Another case of history being revised and revisited came with the return of saxophonist Redman's original band, which recorded the career-launching album MoodSwing in 1994. That line-up revealed to the world significant musicians—Mehldau, McBride and Blade—who would later become major figures in jazz of the past quarter century, especially in the case of Mehldau. The pianist arguably stole the show, with his eloquent soloing and as composer of an alluring and delightful left-of-normal march-based tune from the quartet's new album LongGone. Redman, a skilled chameleon who knows how to tap many sub-directions within jazz, plumbed mainstream jazz directions while satisfying customers of a more general stripe. All these years later, the chemistry and mutual respect within the ranks was palpable.

The admirable Jacksonian festival tradition of commissioning a special work turned its attention homeward this year. Gifted jazz pianist and Los Angeles-based film composer Kris Bowers fed off the theme and inspiration of Monterey Bay National Marine Sanctuary for his ambitious chamber jazz tone poem, Asylo. Scored for his regular piano trio and a string section, the piece weaves through post-minimalist passages, margins for solo improvisation, and emotional contours sometimes sounding soundtrack-y and illustrative of the stunning undersea footage onscreen but was nonetheless moving.

For the record, Bowers' new work takes its place on the short list of commissions with a site-specific reference. That list includes Jason Moran's radically different 2009 piece Feedback, built up from a live recorded snippet of Jimi Hendrix' mythic guitar-burning Monterey Pop Festival performance on this very arena stage in 1967.
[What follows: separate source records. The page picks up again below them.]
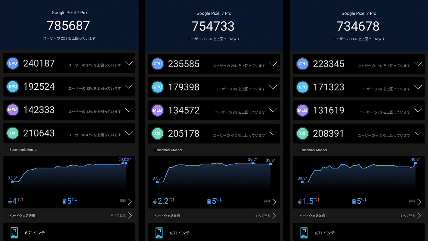 Pixel Foldの方が簡単に暖かくなりやすい一方で不快になるような熱さになりにくい印象。一方でPixel 7 Proは負荷をかけるまでは熱くなりにくい感じですが負荷をかけると正直不快に感じるほどの熱さになるという感じでユーザーにとって評価が分かれると思います。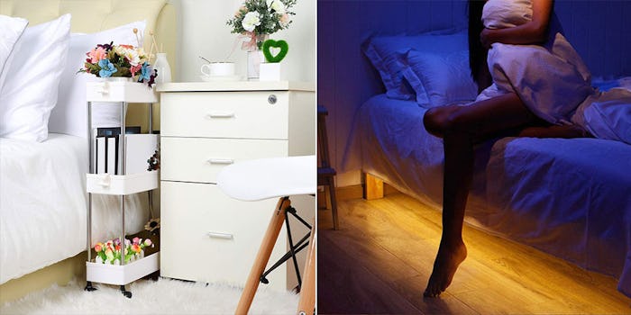 If you don't have a formal nightstand, this bedside shelf is a worthy substitute. It utilizes a strong clamp to secure to the side of the bed and is sturdy enough to hold a 15-pound load, so it won't buckle under pressure. Use it to keep coffee mugs, notebooks, your phone, and other must-haves right by your side.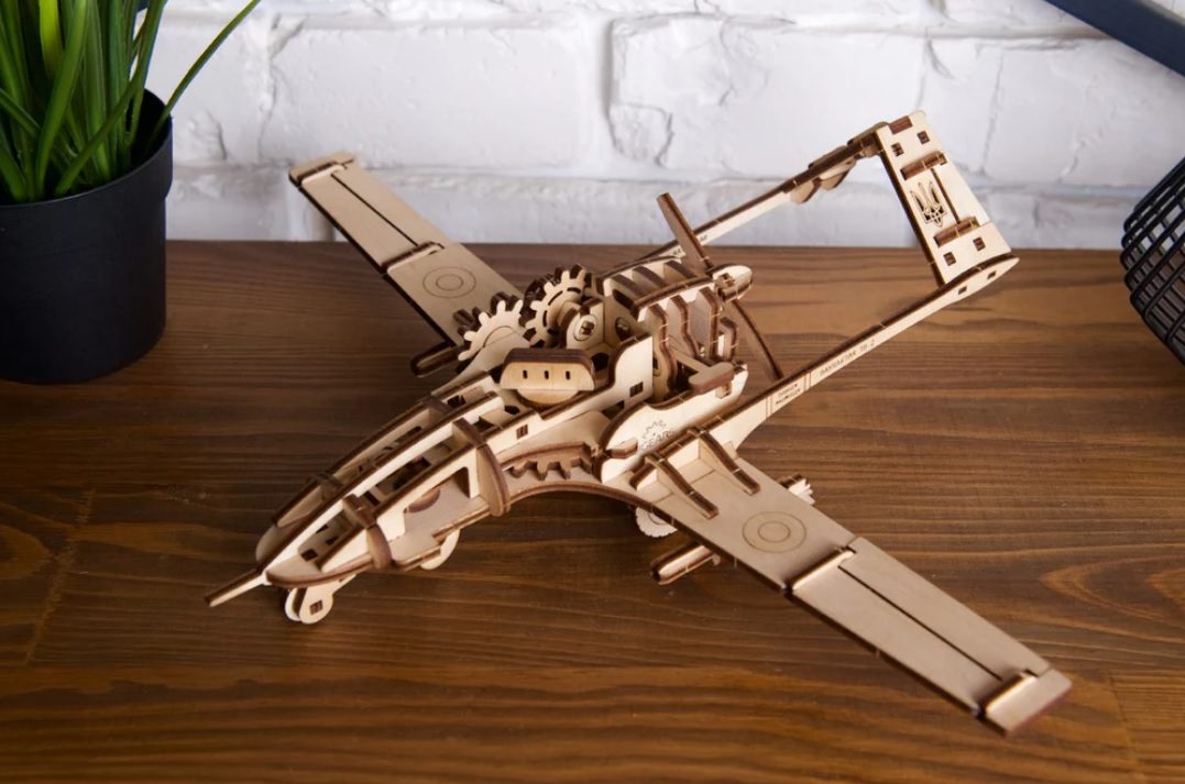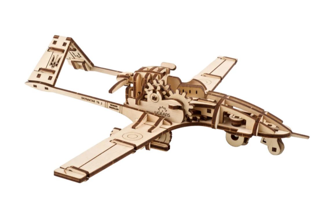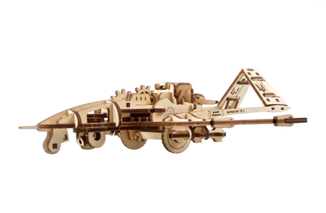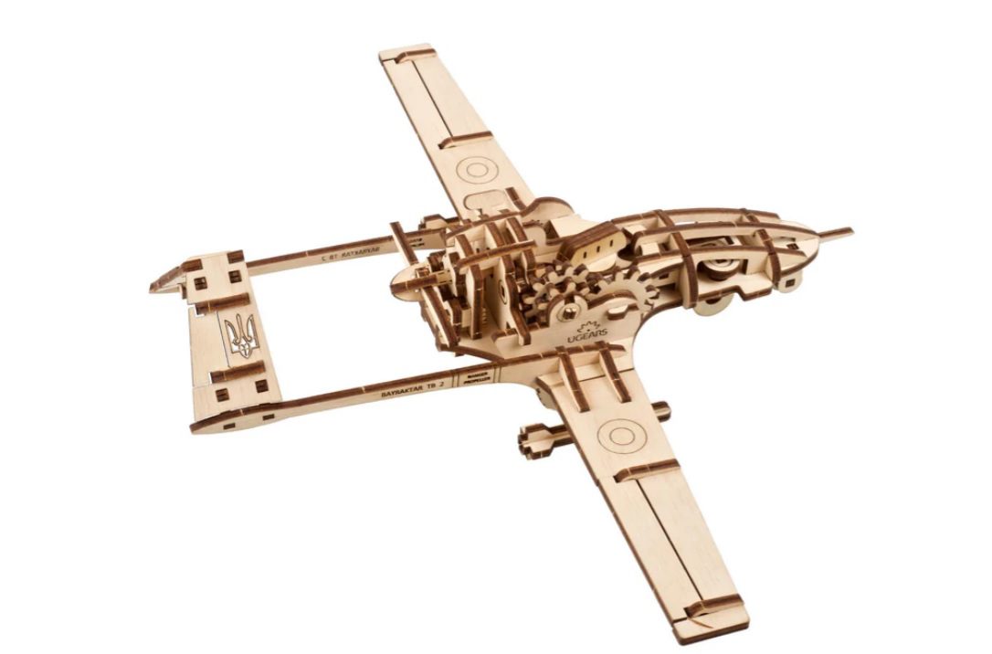 Il drone da combattimento Bayraktar TB2 è parte integrante della nuova linea di modelli ZSU di Ugears, creata per ispirare le persone in tempi difficili. Come tutta l’eccezionale linea di puzzle 3D, kit di modelli fai da te, automi, robot, scatole di puzzle in legno e kit di modelli STEM Lab di Ugears, il drone da combattimento Bayraktar TB2 si assembla senza bisogno di colla o strumenti speciali. È sufficiente staccare i pezzi dalle tavole pretagliate al laser e assemblarli seguendo le nostre istruzioni illustrate passo per passo in 11 lingue (inglese, ucraino, tedesco, spagnolo, francese, italiano, turco, polacco, giapponese, cinese e coreano).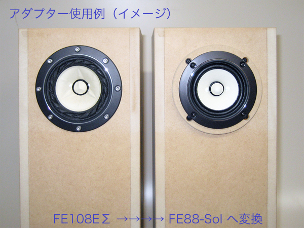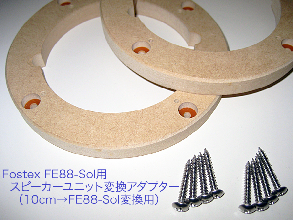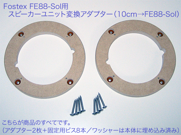 ご覧いただきありがとうございます。 2017年2月にFostex社から限定販売された『FE88-Sol』ですが、入手された方はどのようなエンクロージャーに搭載されていますか。 『FE88-Sol』専用のエンクロージャーがないとか手持ちの他のエンクロージャーでも鳴らしてみたい!!! という方にお薦めのアダプターを製作いたしました。 こちらの商品はお手持ちの口径10cmユニット用エンクロージャーを活用して、上記のFostex FE88-Solを搭載するためのアダプターです。 基本的にFOSTEX社製の10cmユニット(取付穴対角ピッチ115mm)からFE88-Solへの交換用としてご用意させていただきました。 Fostex FE103En、FF105WK、FE108EΣ、P1000Kの他、Mark AudioのAlpair7やPARC Audioの10cm(120番台のシリーズ)ユニット等、スピーカーユニット固定用穴の対角ピッチが115mmのユニットに替えてFE88-Solを搭載することが可能になります。 FE88-Solの他、同形状のフレームを持つMG850やFE88ES-Rにも使用することが可能です。 本アダプターの仕様(製作寸法)は下記のとおりです。 ・材質=MDF(中密度繊維板) ・板厚=12mm ・外径寸法=130mm ・内径寸法=90mm(2ヶ所の端子用の欠き込みもしてあします) ・アダプター固定用穴の対角ピッチ=115mm(φ4mm貫通穴/4穴) →FE88-Solのフレームに干渉するため段落ちとし、内部にベークライト製の ワッシャーを埋め込んであります。 ・ユニット固定用穴の対角ピッチ=100mm(φ2mm下穴/4穴) ・付属品=アダプター固定用のステンレス製トラスビス(φ3.5mm×25mm)8本 (FE88-Solユニットの固定には製品に付属ずるビスもしくは落札者様ご自身で 調達したものをご利用ください) 図面で確認したい方はこちらをご覧ください。 (外部のPDFファイルにリンクしています) 本アダプターの使用方法ですが、 手持ちの口径10cmユニット用エンクロージャーのユニットを取り外し、本アダプターを取り付けます。 その後にFE88-Solを搭載するという順序になります。 出品価格は2枚セットの価格で、アダプター本体の他にアダプター固定用のステンレス製のトラスビス(φ3.5mm×25mm)8本を同梱させていただきます。 また、メール便でよろしければ送料は当方にて負担致しますので、落札者様は送料無料です。 こちらの商品はノークレーム、ノーリターンとさせていただきます。何卒ご了承のうえ、入札をお願いいたします。 | ||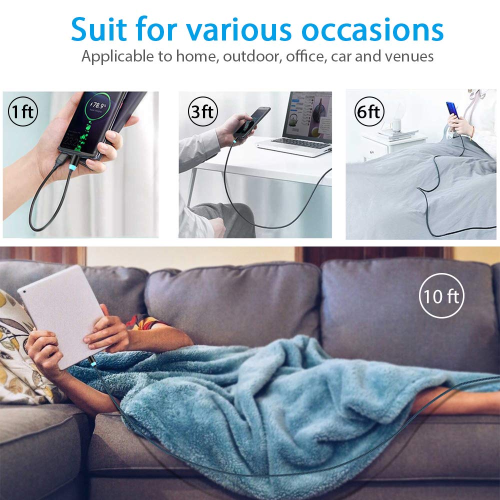 Terasako Magnetic Charging Cable 6-Pack [1ft/3ft/3ft/6ft/6ft/10ft], 3 in 1 Nylon Braided Magnetic Phone Charger, Compatible with Micro USB, Type C, iProduct and Most Devices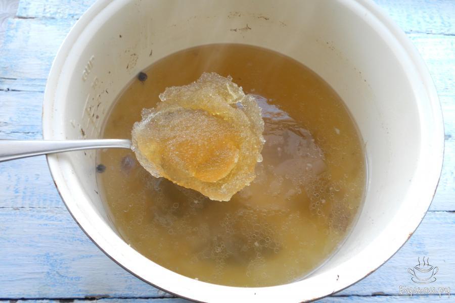 4. Желатин предварительно замочить в холодной воде. Когда время варки выйдет и прозвучит сигнал, мясо вынуть и добавить в бульон желатин и измельченный чеснок. Аккуратно бульон перемешать, желатин должен раствориться. Оставить бульон в чаше мультиварки с открытой крышкой на 30 минут.
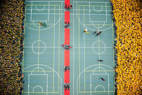 4,979 students, staff, and faculty members gathered to throw big red balls at each other for over an hour.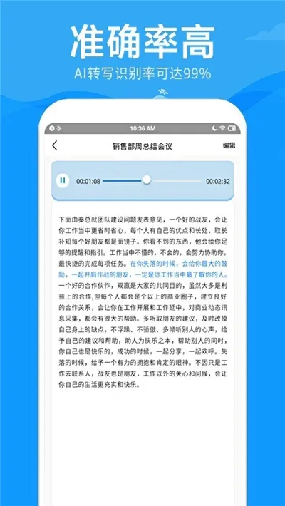识别准确率高,采用先进的AI技术,转文字识别准确率可达99.5%。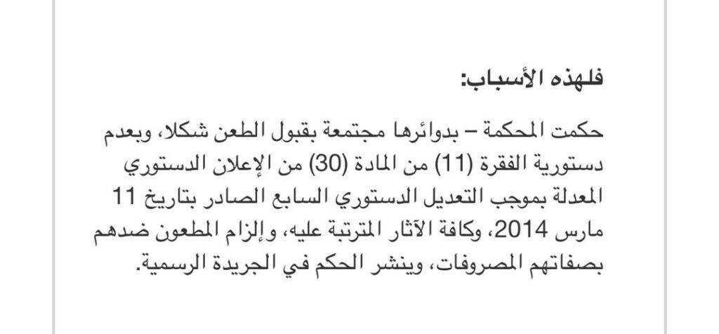إلا أنه وبتاريخ 2014/11/6م أصدرت الدائرة الدستورية بالمحكمة العليا حكمها في الطعن رقم 17 لسنة 61 ق القاضي منطوقه (حكمت المحكمة – بدوائرها مجتمعة بقبول الطعن شكلاً، وبعدم دستورية الفقرة (11) من المادة (30) من الإعلان الدستوري المعدلة بموجب التعديل الدستوري السابع الصادر بتاريخ 11 مارس 2014، وكافة الآثار المترتبة عليه، وإلزام المطعون ضدهم بصفاتهم المصروفات، وينشر الحكم في الجريدة الرسمية).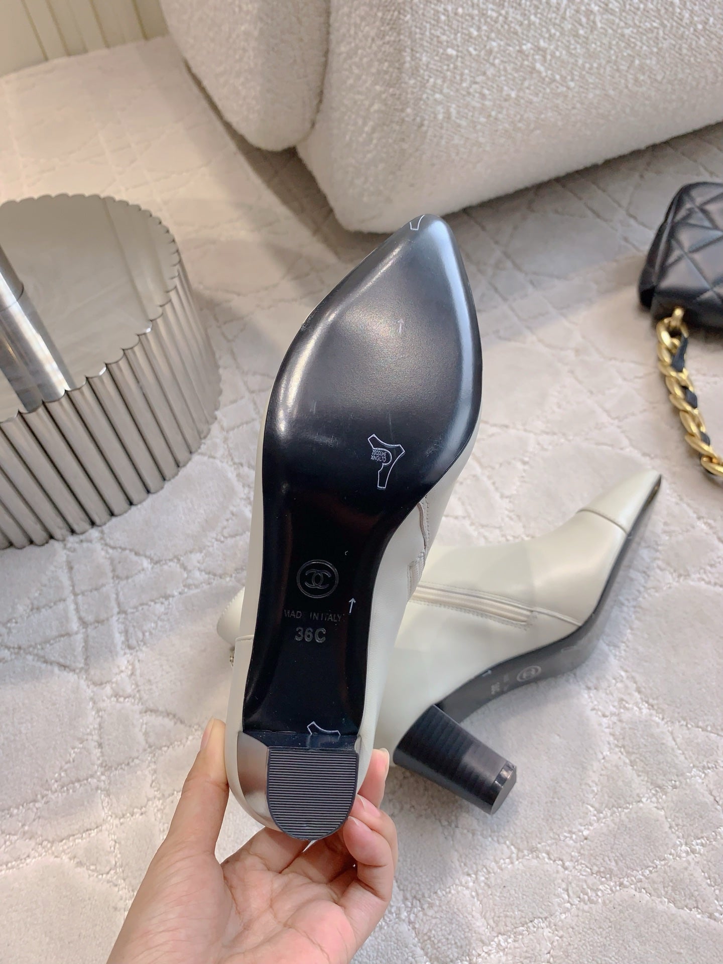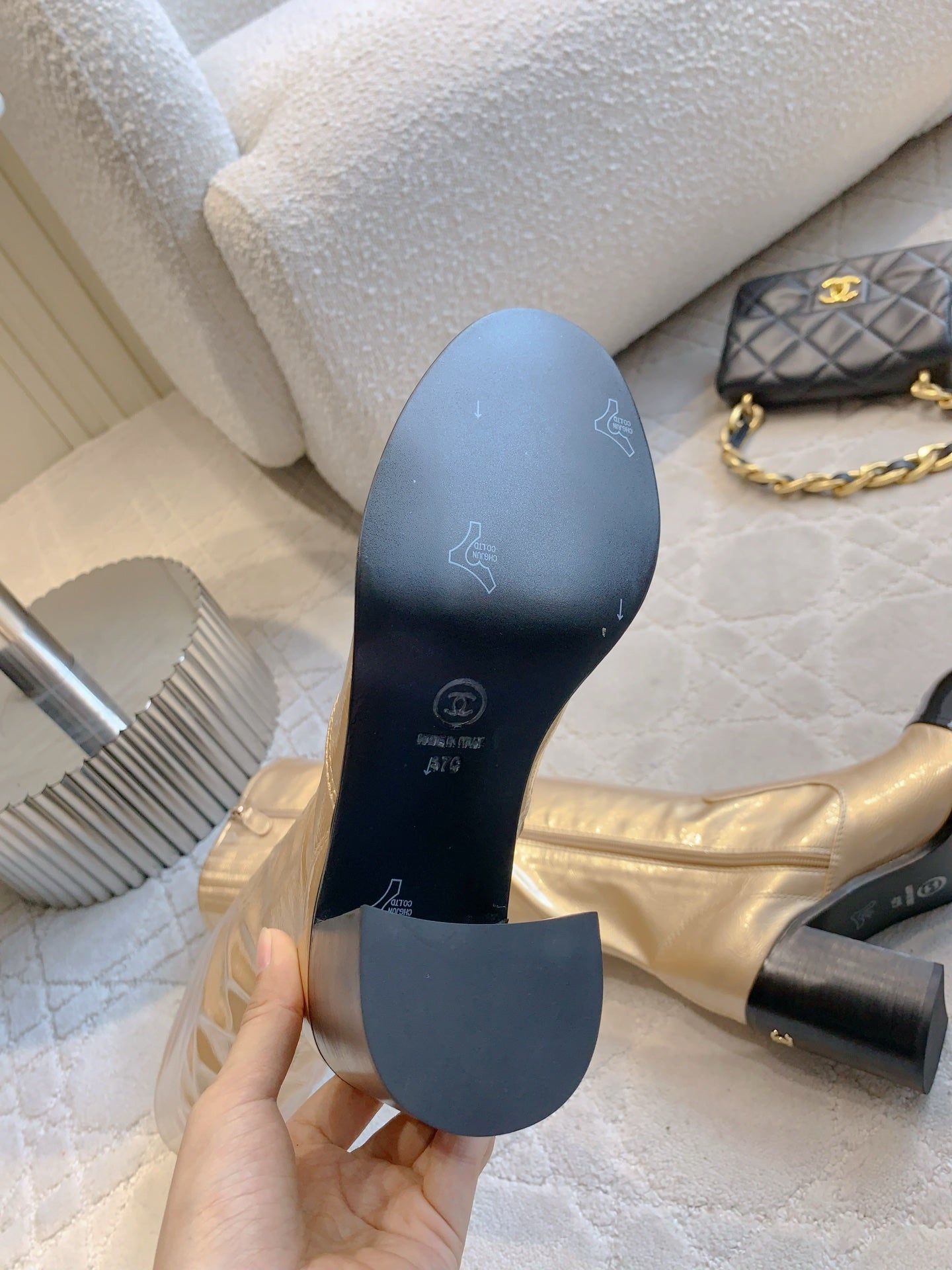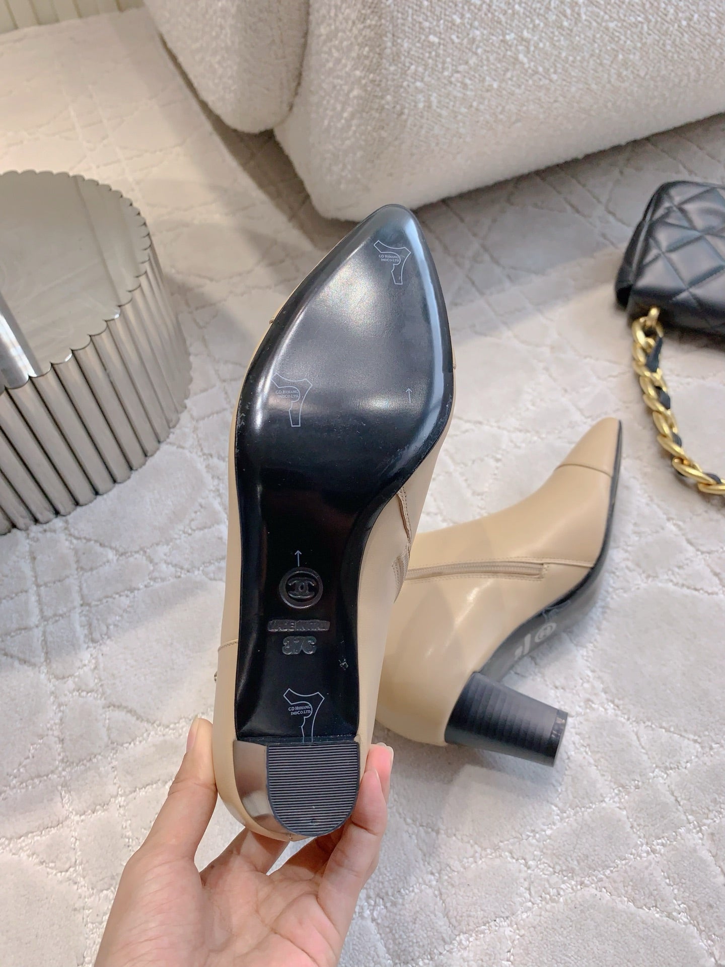 CC 25 Pearl Heel Boot Beige Calfskin 516655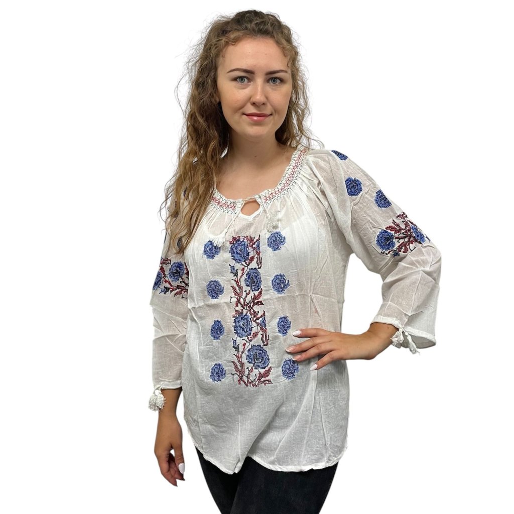Velmi lehká a příjemná halenka s výšivkou. Halenka je vyrobena ze 100% bavlny. Druhá jakost z důvodu možnosti lehkého zašpinění.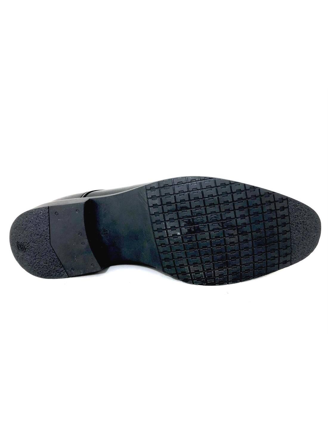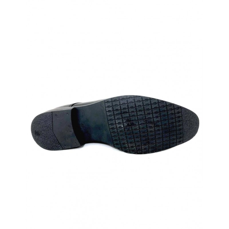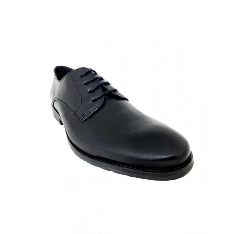 Calzado de caballero para vestir con corte clásico y pala lisa, fabricado por TOLINO, de color negro, en piel vacuno soft de primera calidad con cierre mediante cordones. Forro de piel y piso de goma antideslizante cosido. Ancho especial 10. Fabricación española.

Over on the Garden Stage, the basket of goods included sets with both integrity and a will to party. On Friday night, the masterful and malleable trumpeter Nicholas Payton served up ear-capturing solos and creative electro-acoustic textures and grooves with his trio New World Order. On Saturday, the style clock turned backwards to soul-jazz impulses courtesy of the charismatic wunderkind Matthew Whitaker, on B3 and piano. The blind keyboardist summoned up a whirlwind of infectious energy with his band, and raised the heat level with punchy new renditions of Marvin Gaye's "What's Goin' On" and the iconic Earth, Wind & Fire hit "September," weaving and bobbing with the spirit.

One of the tasty treats from the unexpected aspect of the program came in the form of a dazzling dance team of the three Mukanga sisters from the Netherlands, known as "Let It Happen." In short ten-minute segments all weekend, they unleashed their taut, stunning choreography to jazz, R&B and snippets of civil rights archival recordings. "Let it happen!" could also be an unofficial maxim for MJF, especially in its recovery period.

Another recurring feature of the Monterey festival is the anchoring presence of long-time supporter and veritable neighbor Clint Eastwood. Even after all these years, it's possible to feel a bit of the star-struck buzz when the lean Eastwood walks over to his seats a few rows in front of you. This guy, from working his Dirty Harry persona to directing Bird, Unforgiven, Mystic River and countless other brilliant films, the guy who told us to get off his lawn, rifle in tow, and has championed jazz more than virtually any other Hollywood figure, is part of the fabric of what makes Monterey one of the world's most fertile soils for jazz, for one fall weekend a year.

Festival number 65 is history, with no sign of retirement in sight. Re-firing up, yes.